Each artist is sent to a different host city (chosen at random by the French Institute in Japan) and asked to write a story about the area. This story can be fact or fiction and although a lot of the artists tend to stick to a personal travelogue approach we are also treated to history, myth, fantasy, and science-fiction along the way. As with the best anthologies there is a huge array of visual styles here. Perhaps the most traditionally 'Manga-like' artist (despite his adult themes) is Jiro Taniguchi, although elsewhere we do get to see manga's influence on the French artists, as in Aurelia Aurita's use of Manga style emotive iconography. Nicolas de Cercy's story is drawn in a style which manages to be frantic and scribbled yet at the same time clear, playfully explores the outlandish graphic design of Japanese products and presents us with a pretty satisfying twist to the story which will make you smile. Another highlight from the French quarter is Shuiten and Peeter's story-come-tourist brochure which showcases futuristic architecture, dizzying perspective, and a loving nod to the Japanese love of giant B movie insects. Out of the Japanese artists my favourite stories would have to be by Daisuke Igarashi who manages to combine fast paced action (being careful not to make his motion likes OTT like a lot of mainstream Manga artists) with unsettling surrealism, and alternative Manga golden boy Taiyo Matsumoto's(*1) traditional style folktale which evokes very early Manga and Eastern art while style maintaining his own idiosyncratic style. The use of single page panels also gives it the feel of a very Zen children's picture book.

It is Fabrice Neaud's entry to this anthology however that gives us the most scathing critique of Japanese culture. I read somewhere that Neud's journals are very clever because they manage to channel his personal experiences into a kind of mirror to society, his journal's although personal, are somehow political.

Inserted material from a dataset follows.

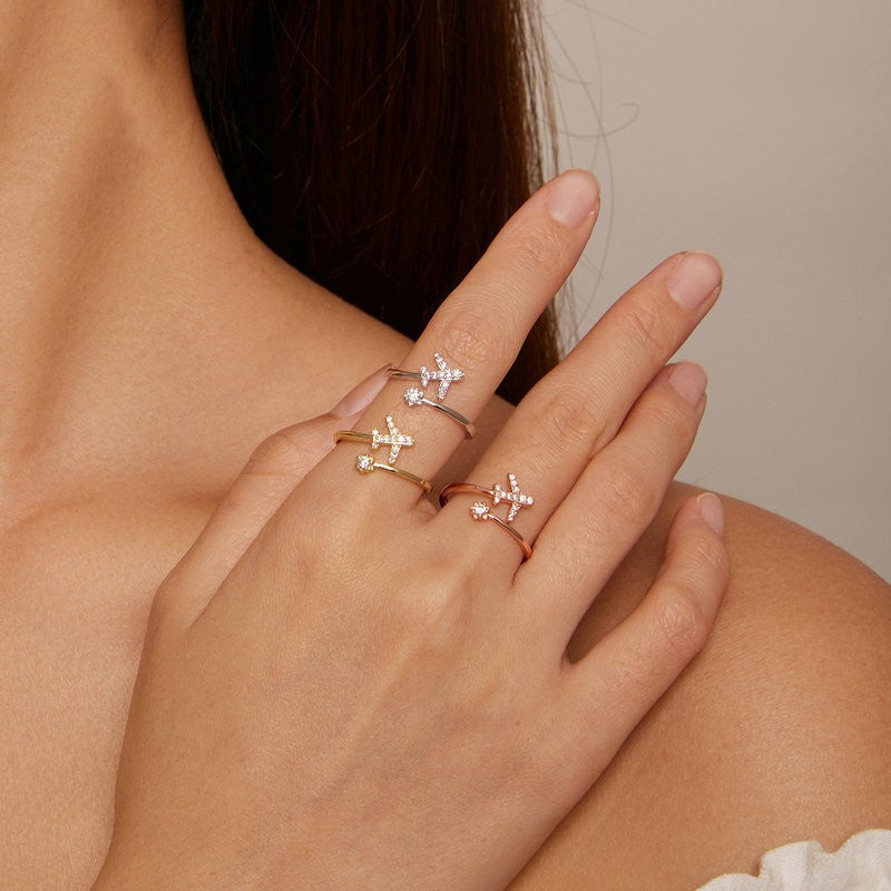 Women's Semi-circular Diamond Fashion Temperament Personality Index Finger Ring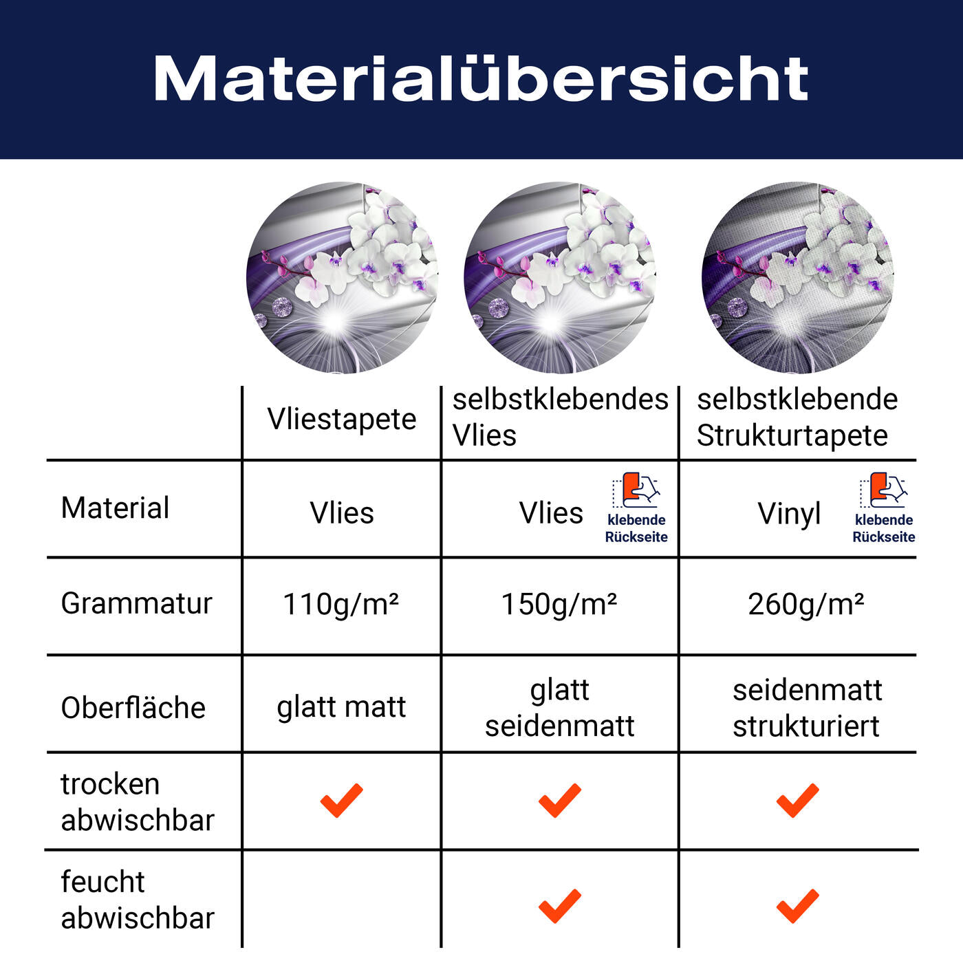 Die Fototapeten sind pflegeleicht und können mit einem feuchten Tuch gereinigt werden, ohne die Farbbrillanz zu beeinträchtigen.

In this entry it is Neaud's identity as a gay man that brings him to question the attitude towards homosexuality in the East. In his quest, the homosexual Asians are an invisible people, and although prejudice is not spoken of but it is clearly there. The topic of homosexuality comes up again briefly in Sfarr's journal entry when he sees what he thinks is an advert for a gay magazine in the Tokyo subway, only to find that it is in fact advertising porn manga for girls (apparently the gay male is a big female fantasy over there).
All in all this anthology is not just a reflection of the weird and wonderful Japan we hold up as alien to our own culture (love hotels, Harajuko girls, girl's underwear in vending machines) but of a very personal Japan to each artist. Do the artists in this anthology suffer from their own bouts of Orientalism or are they cynical and aware? I think capturing the excitement of being in a new culture and a new environment is an important thing and if an artist is successful in their storytelling we can feel this with them, and then later on their disappointments, their laughter, is also ours.
When I went to Tokyo three years ago I bought into the stereotype that Japanese people will often feign ignorance because they don't want to be asked questions by Westerners(*2), in this anthologies last story we meet a Japanese man who proves me wrong, warmly welcoming the French artist and showing him the sights, yet having a strange spirituality, an affinity with nature that gives this anthology a poignant and punchy end.
(*1) Author/artist of Go Go Monster, No 5, Blue Springs, and most famously Tekkon Kinkreet: Black and White
(*2) I since felt stupid, realising that most people on the tube in London don't exactly talk to one another.